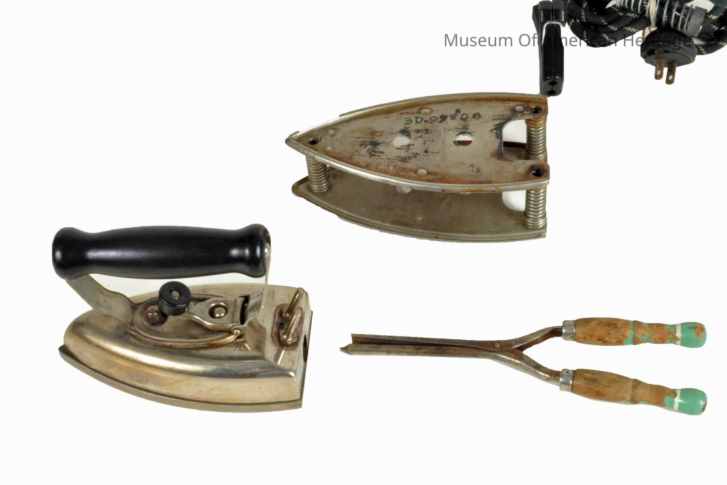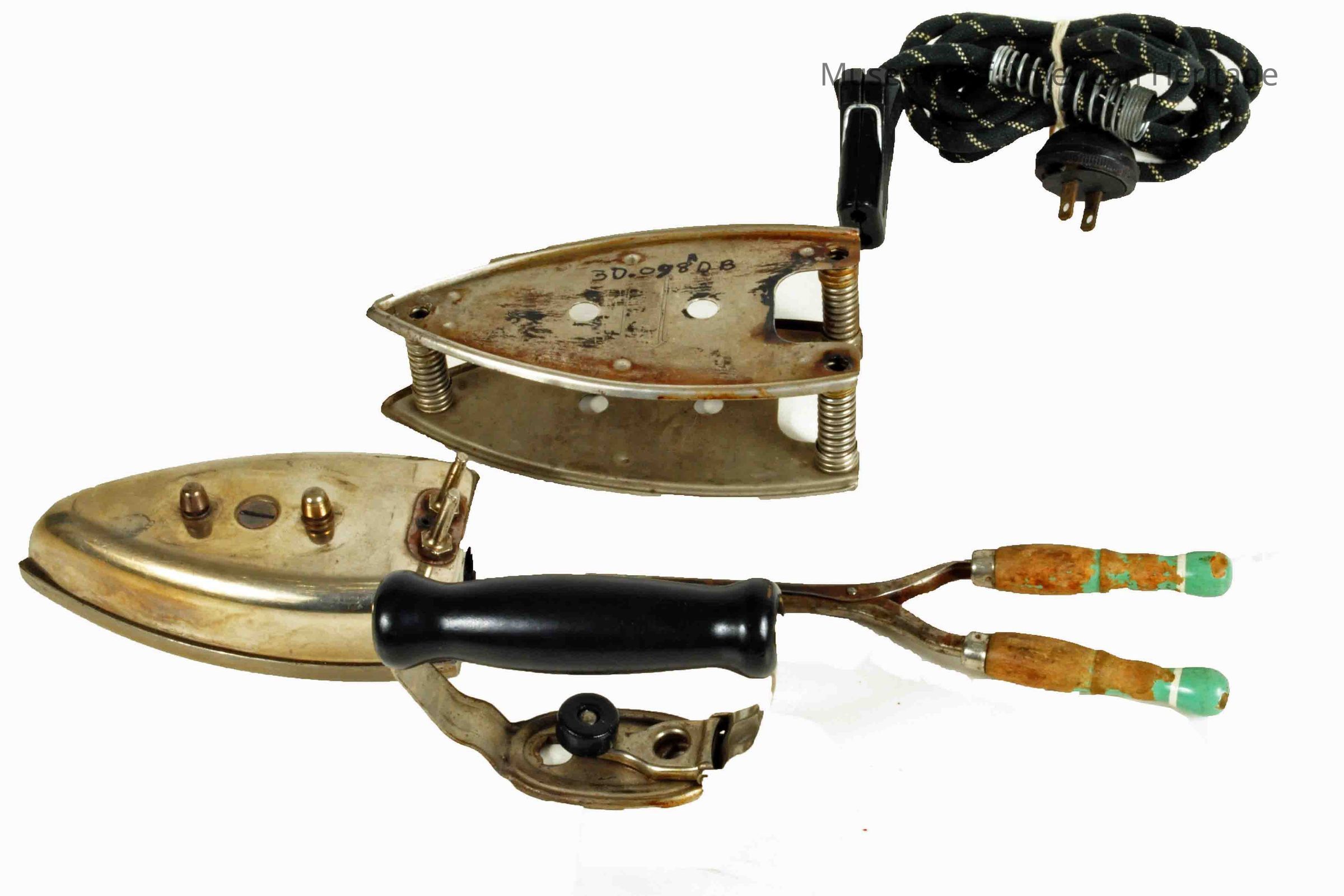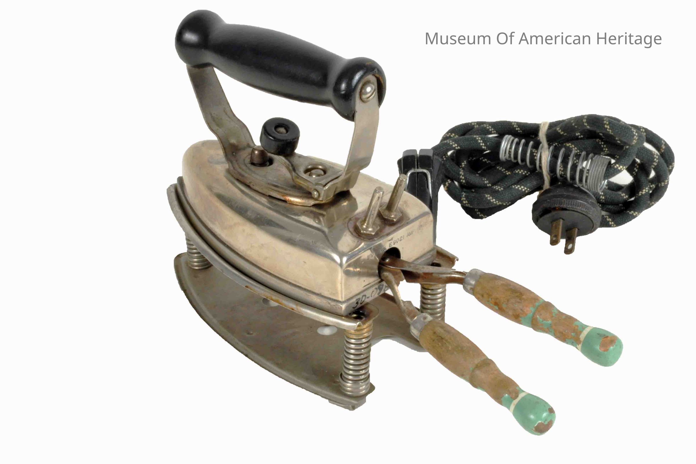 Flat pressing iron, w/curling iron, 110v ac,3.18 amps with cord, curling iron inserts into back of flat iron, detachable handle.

————————

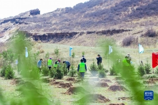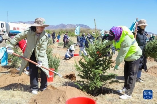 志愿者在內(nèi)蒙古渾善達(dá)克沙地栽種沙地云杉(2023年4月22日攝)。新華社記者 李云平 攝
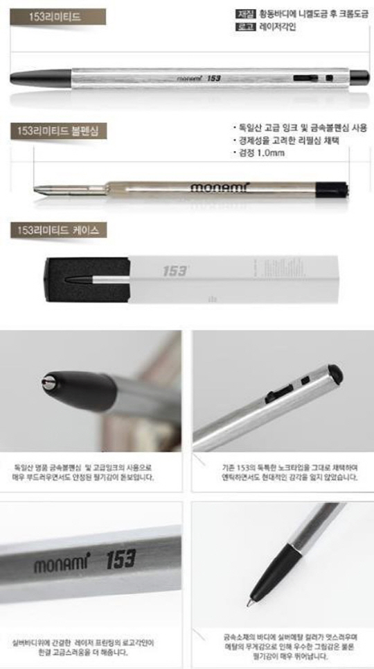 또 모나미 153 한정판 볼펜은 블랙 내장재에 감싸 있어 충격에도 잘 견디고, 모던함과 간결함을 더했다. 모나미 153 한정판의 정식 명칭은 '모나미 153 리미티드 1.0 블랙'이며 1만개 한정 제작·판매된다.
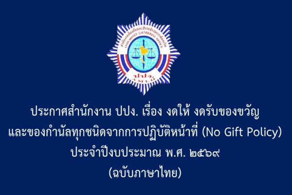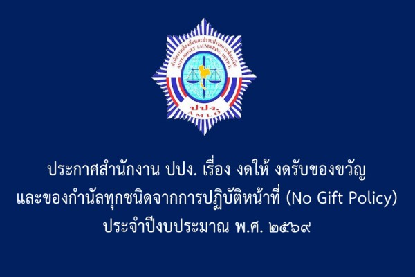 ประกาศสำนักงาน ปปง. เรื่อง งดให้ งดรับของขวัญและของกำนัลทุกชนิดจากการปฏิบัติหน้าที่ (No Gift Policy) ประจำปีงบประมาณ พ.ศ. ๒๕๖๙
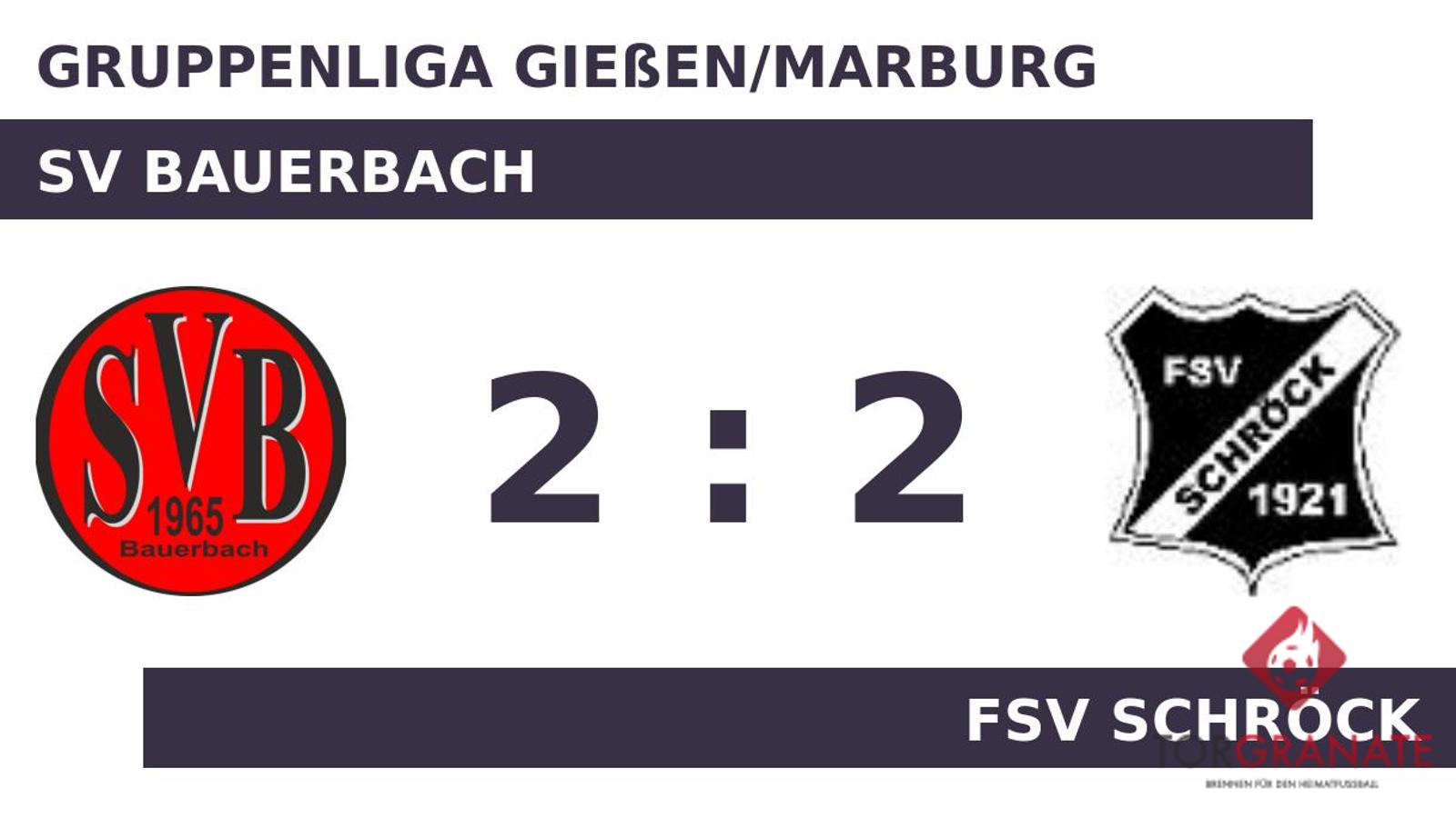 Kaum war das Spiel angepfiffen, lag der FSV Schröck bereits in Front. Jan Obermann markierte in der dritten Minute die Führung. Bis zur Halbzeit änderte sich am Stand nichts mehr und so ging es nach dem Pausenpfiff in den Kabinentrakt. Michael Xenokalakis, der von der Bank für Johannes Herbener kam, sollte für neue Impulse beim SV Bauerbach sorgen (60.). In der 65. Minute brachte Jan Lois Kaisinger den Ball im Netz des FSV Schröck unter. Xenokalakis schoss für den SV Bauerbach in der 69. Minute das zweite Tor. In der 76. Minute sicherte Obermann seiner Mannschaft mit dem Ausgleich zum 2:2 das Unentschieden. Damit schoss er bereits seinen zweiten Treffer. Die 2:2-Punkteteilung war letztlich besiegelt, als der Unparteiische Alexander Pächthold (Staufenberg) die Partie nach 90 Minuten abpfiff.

————————

• [Brief]:
Copy out exactly the material that runs from the line with "志愿者在內(nèi)蒙古渾善達(dá)克沙地栽種沙地云杉(2023年4月22日攝)。新華社記者 李云平 攝" to the line with "ประกาศสำนักงาน ปปง. เรื่อง", ends included, and leave the pictures behind.

• [Exercise solution]:
 志愿者在內(nèi)蒙古渾善達(dá)克沙地栽種沙地云杉(2023年4月22日攝)。新華社記者 李云平 攝
 또 모나미 153 한정판 볼펜은 블랙 내장재에 감싸 있어 충격에도 잘 견디고, 모던함과 간결함을 더했다. 모나미 153 한정판의 정식 명칭은 '모나미 153 리미티드 1.0 블랙'이며 1만개 한정 제작·판매된다.
 ประกาศสำนักงาน ปปง. เรื่อง งดให้ งดรับของขวัญและของกำนัลทุกชนิดจากการปฏิบัติหน้าที่ (No Gift Policy) ประจำปีงบประมาณ พ.ศ. ๒๕๖๙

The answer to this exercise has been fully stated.